Я здесь не первый. Другие уже проделали этот путь. Я видел вспышки на углах улиц; иногда они поднимались по стволам отраженных деревьев. Их совсем немного, они то здесь, то там, мужчины и женщины дикого вида в изорванной шерстяной или меховой одежде, они бегут по улицам, но так, словно это не улицы. Не знаю, мятежные это имаго или уцелевшие люди. Некоторым вампирам слишком претит плотская оболочка, чтобы они оставались жить со своими сородичами, а любой человек увидит в этом месте святилище.

Это мои сограждане. Они напуганы — и я, наверное, тоже, — но здесь мы все в безопасности. Здесь нет ничего, что захотело бы убить нас. Я больше не несу угрозу. Мы можем ходить по этим пустынным, зеркальным улицам, узнавать излюбленные маршруты, как будто отпуская на свободу наши воспоминания. Мы можем смириться с одиночеством.

Зеркальное стекло лопнуло, разорвав на части мое лицо, когда «ничто» вырвались из амальгамы, но я реагировал очень быстро. Я встретил его, свое сердитое лицо. Оно не подавило меня и не лишило самообладания. Я вообще никогда не доверял этому образу. Поэтому он и настиг меня там, где это произошло, в больничном туалете, возле моей палаты, предназначенной для меланхоликов и истериков.

Мы катались и душили друг друга в осколках, через которые он прошел. Мы боролись под писсуарами, распахивая настежь двери пустых кабинок. Хотя мы — то есть они, вампиры, — сильные и безжалостные убийцы, я справился, используя в качестве оружия длинные и острые осколки стекла. Я колол и резал, раня свои пальцы, чувствовал, как дрожат от усилий мои мускулы, но после долгих минут я лежал в луже, где было больше его крови, чем моей, голова моего doppelganger[43] была отрезана, он был мертв, а я — воодушевлен и напуган. Но — без отражения.

Впоследствии я пытался рассказать. Но я вышел оттуда, мокрый от крови, и мои былые приверженцы закричали об убийстве, а потом они увидели, что у меня нет в амальгаме ничего, и принялись кричать, что я стал монстром. Они назвали меня вампиром. Мои друзья. Они смотрели на меня, окровавленного с головы до ног, на пустоту в зеркале в таком диком ужасе, что я побежал.

Я живу долго. Не знаю почему. Может быть, это наши имаго убивают нас. Даже обреченные на подражание. Может быть, их ненависть проникает сквозь стекло и медленно душит нас после того, как нам исполнится тридцать. Только я своего убил, вот и не умираю. Я живу годы и годы, не зная, чем я был, больше, чем когда-либо, боясь всех вас, злоба на вас, горький прилив ее растет, и я одинок.

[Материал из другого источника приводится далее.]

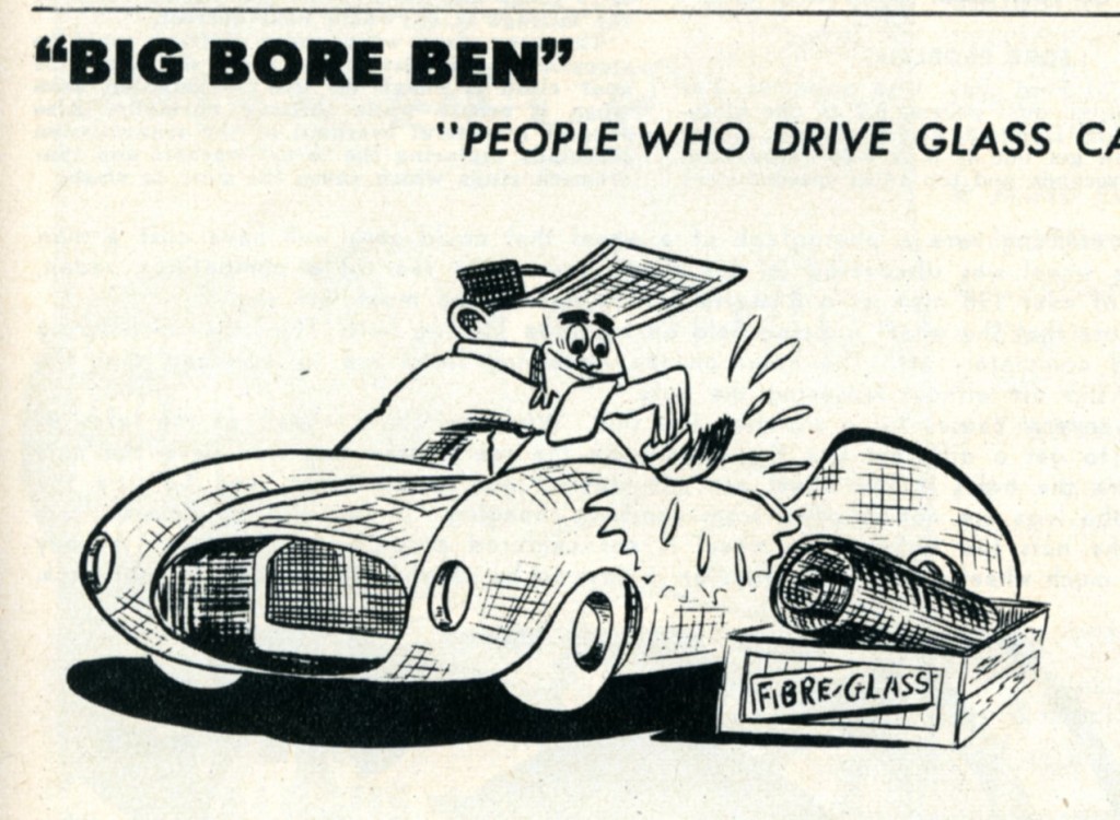 As Rick and I have canvassed thru reams of 1950’s magazines, we’ve found many cartoons that touch on – or directly relate to – building and driving fiberglass bodied sports cars. From time to time, we thought you might enjoy seeing some of these cartoons. So this makes today our second in a series focused on “Fiberglass Funnies.”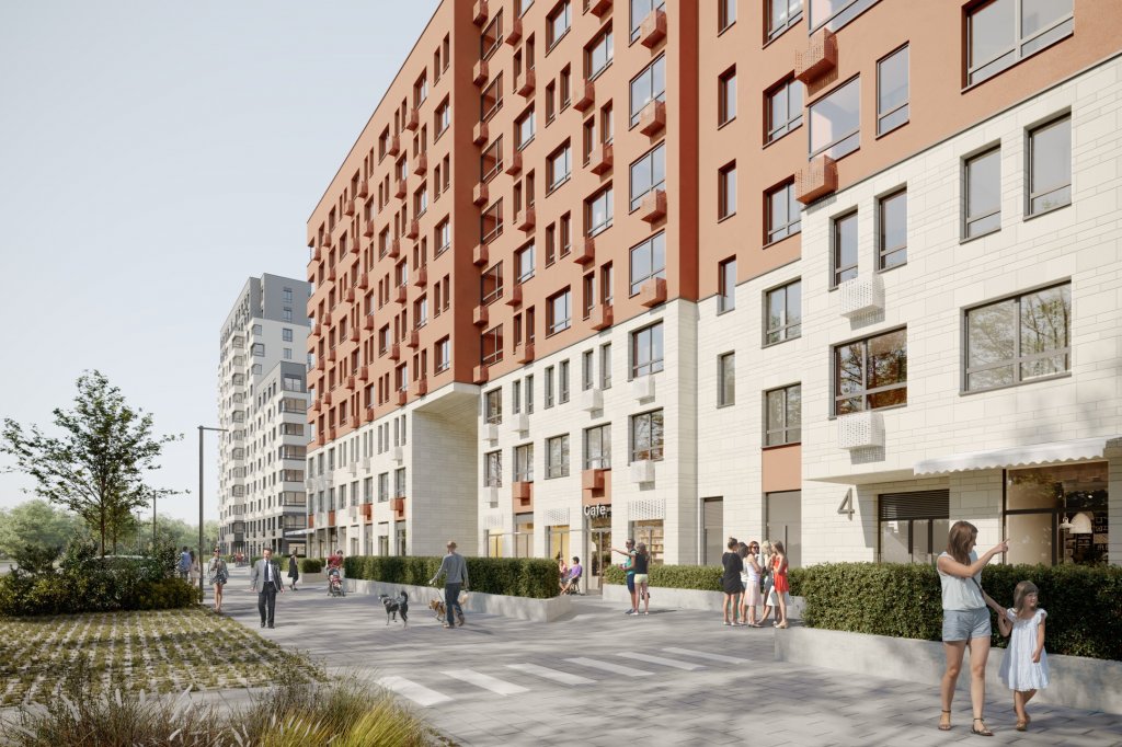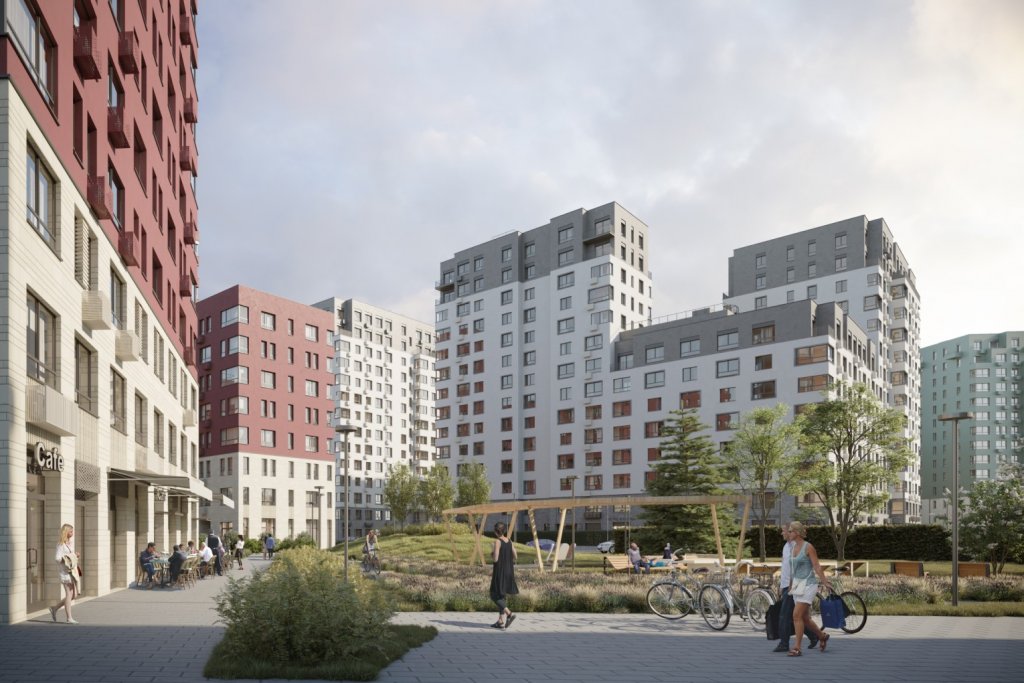 Для каждой секции были разработаны оригинальные фасадные и цветовые решения, поддерживающие единый стиль комплекса и при этом задающие собственный характер каждому кварталу. На том же этапе была сформирована квартирография, определено точное количество квартир, общая жилая и коммерческая площадь.

Я в первый раз нахожусь вне зеркала, но знаю наизусть все истории об имаго. Я вызывал их на рассказы. Шепотом, через стекло. Все они — о Венеции. Я жалею, что не был там. Все эти истории — о Желтом Императоре. Долгие годы я мыл полы и проводил дезинфекцию в каких угодно местах, так что у меня была возможность работать рядом со своими родичами в зеркалах и шептаться с ними, когда вас не было поблизости, когда закрывался магазин или прибывал поезд. Парадоксально, но эти места были безопасны. Никто не обращал на меня внимания настолько, чтобы заметить, что я не имею отражения.

Существуют стратегии: как сделать, чтобы тебя не видели, когда ты невидим, чтобы не иметь отражения. Манеры движения, маленькие танцы ухода. Им трудно обучиться, и мастер сразу узнает другого мастера. Когда я увидел ее, ту женщину на вокзале, то немедленно признал в ней свою новую сестру, ведь я видел, как она грациозно отшатывается от блестящих стен и застекленных окон. Я усадил ее в кафе и заставил разъяснить мне, что она есть и чем буду я. Очень долго она ничего не говорила. Когда же она наконец поняла, что я не предам ее, когда она увидела во мне дрожь, возбуждение, увидела, что он будет иметь смысл, этот союз, она рассказала мне достаточно — то, что мне нужно было знать.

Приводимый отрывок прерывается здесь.